The terrible and unnecessary new ball allows some people to complain about the game’s enslavement to capitalism; others take the chance to reminisce about their own favourite balls of times gone by; most agree that the ball will be bad news for goalkeepers, unless it will be worse for strikers, and by the second week of the World Cup everyone is bored of the ball conversation and there will be no more ball talk for another three years and nine months.
The story has been recycled so often that it has become an indispensable part of the World Cup build-up, one more component of the time-honoured quadrennial ritual, reassuring in its familiar rhythms. It’s like the weather reports from the North Pole that they play on the radio news on Christmas Eve.
Another time-honoured aspect of the World Cup build-up is the months of criticism in the Western media of some problems or “challenges” in the host country, often not football-related but usually at least football-adjacent, that threaten the success of the tournament.

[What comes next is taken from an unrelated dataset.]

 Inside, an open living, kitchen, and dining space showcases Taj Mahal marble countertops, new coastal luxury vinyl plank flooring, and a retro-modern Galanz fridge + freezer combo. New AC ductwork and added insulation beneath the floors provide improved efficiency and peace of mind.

In 2002 – a less interconnected age – the narrative was: the World Cup has stepped into the unknown. Does anyone in Japan or South Korea know anything about football? The tickets will be sold, but will the masses of spectators have the first idea what they are looking at? Will they know how to create a real World Cup atmosphere? (They did).
In 2010 and 2014, the stories focused on crime and poverty in Brazil and South Africa – would the travelling fans be safe (they were), and was it right for such countries to spend so much money hosting a football tournament that would be over in a few weeks, leaving a legacy of deserted stadiums and ballooning debt? (It was not).
Lost their edge
In 2006 the tournament was hosted by Germany, a rich Western country with outstanding rail infrastructure, with few obvious problems for foreign media to latch on to. That time the foreign media dwelt on how incompetent the German national team had become.

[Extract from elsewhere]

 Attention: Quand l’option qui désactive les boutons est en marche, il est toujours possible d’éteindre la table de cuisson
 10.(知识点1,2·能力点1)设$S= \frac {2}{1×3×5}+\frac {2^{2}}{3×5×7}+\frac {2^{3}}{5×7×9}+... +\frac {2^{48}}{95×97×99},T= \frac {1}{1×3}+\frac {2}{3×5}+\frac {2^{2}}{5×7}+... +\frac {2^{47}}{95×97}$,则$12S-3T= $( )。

Why had the Germans lost their edge after so many years of relentless domination? Had years of peace and prosperity made German youth spoiled, plump and flaccid? And how would they cope with the mortification of flopping on home soil? (They didn’t).

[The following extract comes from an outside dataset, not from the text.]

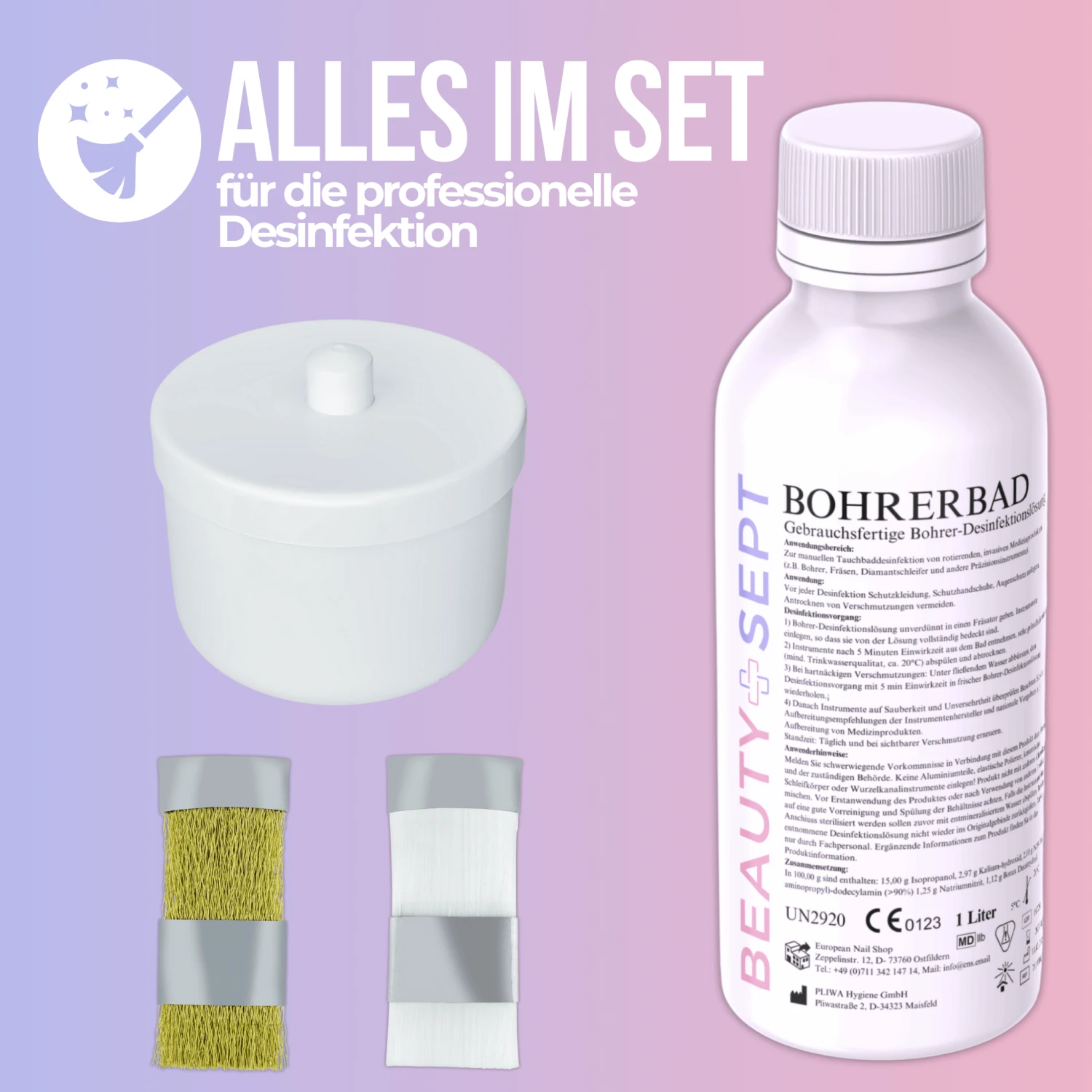 Das Bit Cleaner Kit ist die ultimative Lösung für die hygienische Reinigung und Pflege von Fräserbits und rotierenden Präzisionsinstrumenten. Speziell für DRILLX Bits, aber auch für alle anderen Fräserbits im Nageldesign entwickelt, sorgt dieses Set für eine schonende und zugleich gründliche Reinigung – für maximale Langlebigkeit deiner Werkzeuge.

Russia 2018 is an unusual case. Just when the World Cup challenge-narratives should be cranking into gear, it turns out that most of the headlines in the Western media already are about Russia and almost all of them are bad: spies poisoned, elections hacked, Europe destabilised, Syria bombed. In this context stories about Russian football's racism problem are unlikely to make much of an impact.
Last week the British foreign secretary Boris Johnson suggested that Russia would exploit the World Cup for propaganda much as the Nazis exploited the 1936 Olympics. He was castigated for drawing a crass and stupid analogy between Vladimir Putin and Hitler.
Yet Johnson did not really do that, and this comparison was not one of his worse errors. You don’t have to believe that Russia is secretly planning a genocidal war of world conquest to perceive the parallels to which he was referring: international sport granting an aggressive and untrustworthy regime an opportunity to show off before the world.
Propaganda
A more pertinent criticism of Johnson's claim is that Russia's 1936 moment already happened four years ago, when Sochi hosted the 2014 Winter Olympics.
From the point of view of propaganda, the Olympics is much better than the World Cup, in that the Olympic host nation has the extravagant canvas of the opening ceremony to tell some kind of story about itself (a feature of the Games that was first explored to maximum effect in 1936). World Cup opening ceremonies are street theatre next to the national epics you now expect to see at the Olympics.
2008 and 2012 saw stunning displays at the summer games in Beijing and London as China and the UK staged massive celebrations of their history and culture. A new book by the Guardian's former Moscow correspondent, Shaun Walker: The Long Hangover: Putin's New Russia and the Ghosts of the Past makes an interesting point about the Russian opening ceremony at Sochi.
The performance featured episodes centred on Peter the Great, Natasha's dance from War and Peace, Soviet industrialisation and the liberalisation of the 1950s, culminating in Yuri Gagarin's flight into space. As Walker points out, Gagarin's flight happened in 1961, and nothing of Russia's history since then had been deemed worthy of inclusion. It looked as though the organisers felt the intervening 53 years had produced nothing to be proud of.
Russian history
“In a way, the final event in this journey through Russian history was the opening ceremony itself,” Walker writes, “a symbol of [Russia’s] return to the ‘top tier’ of nations that its president had called for fourteen years earlier.”
Yet as we know, the message did not stick. Western commentary on Sochi continued to focus on issues like homophobia and corruption, and those games are now remembered chiefly for the massive Russian doping operation that was exposed later.
Given all that has happened since then, it seems unlikely that the Russian government still holds out much hope for the propaganda potential of the World Cup. This is not to say that the tournament cannot help at all. Tens of thousands of foreigners who would otherwise never have visited Russia will go there and find that it is not as terrifying or alien a place as they have been led to believe. But it will be the country and not the presentation of the tournament that does the persuading.